Monthly financial prepared by:
Net Ordinary Income (income from operations, excludes capital items) is a positive $100k for the first 6 months of the current FY. Overall Operating Revenues are less than budget by $47k or 9%, however, this is more than offset by the improvement in Operating Expenses of $114k less than budget. This combination results in a $67k positive variance in Net Ordinary Income from budget and $94k positive variance from prior year Net Ordinary Income.
Revenue from Programs is $224k FYTD, 6% or $14k ahead of budget and 19% higher than prior year primarily due to higher than anticipated fitness memberships.

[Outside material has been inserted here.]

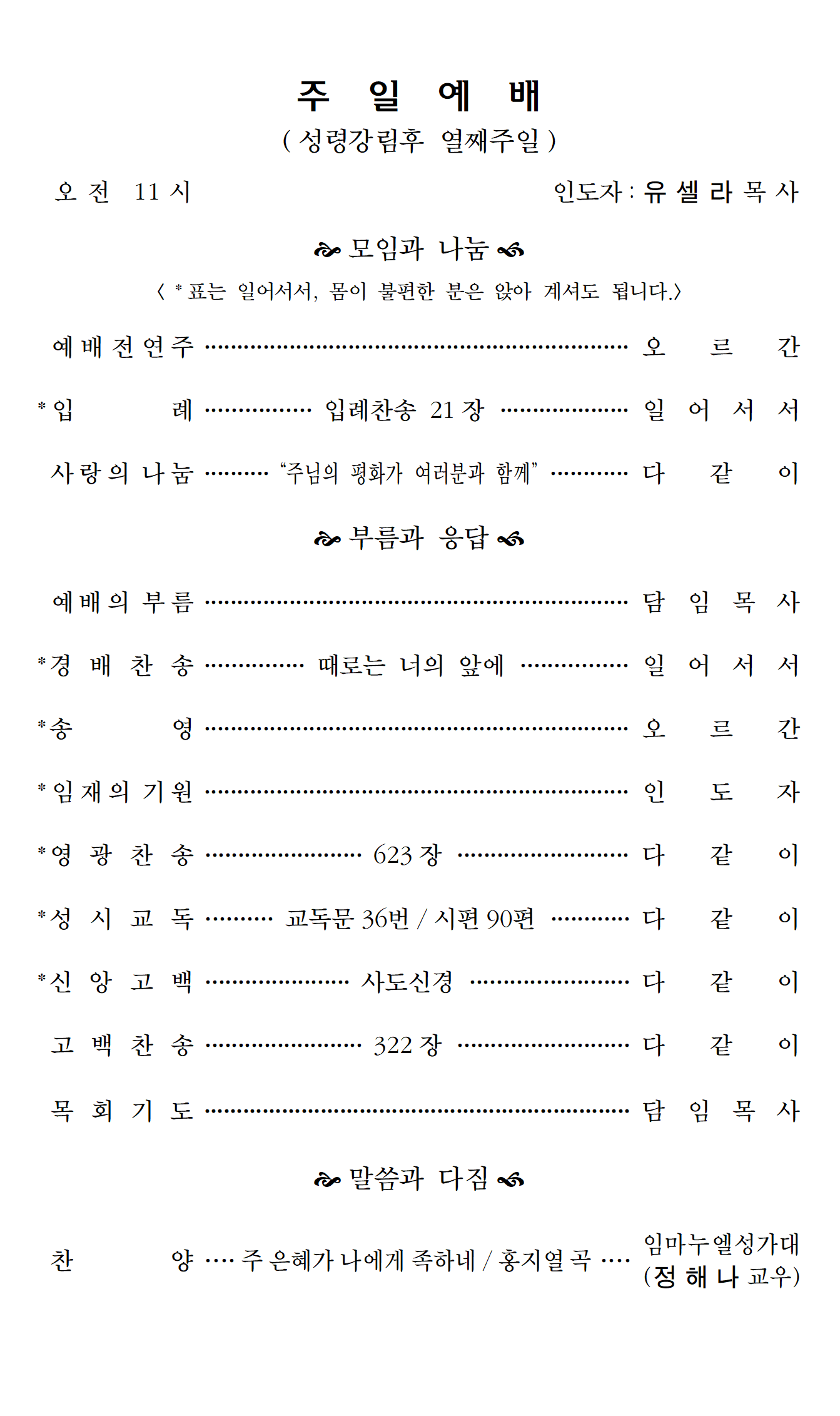 예배순서 안내

Program direct costs FYTD are $135k, trending 20% or $34k lower than budget and $28k, or 17%, less than prior year. This is due to reduced headcount and employee benefit savings and lower overall expenses in fitness and youth programs.
General and Administrative expenses are $222k, 14% or $37k under budget and $53k or 19% less than prior year. This is due to reduced headcount, employee benefit savings and delay in hiring Operations Director.
Fundraising revenue FYTD is $247k. This represents a swing from being favorable to budget in the prior month reporting period to being 20% lower than anticipated and 12% less than same time prior year. This one month swing in December is the impact of not receiving year end donations matching Dec. 2017 level. Correspondingly, FYTD Fundraising direct costs are underbudget by $44k, or 57%, due to delays in hiring Dev. Dir. and Event Coordinator and are 20% less than prior year fundraising expenses by $8k. Overall Fundraising income of $213k is unfavorable to budget by $17k and lags behind prior year by $25k.
Capital income and expenses are not on target with Capital budget. This is solely timing issues related to the delay of capital expenditures and associated reimbursements from Manatee County. It is anticipated sources and uses of Capital funds will be on target with budget by fiscal year end.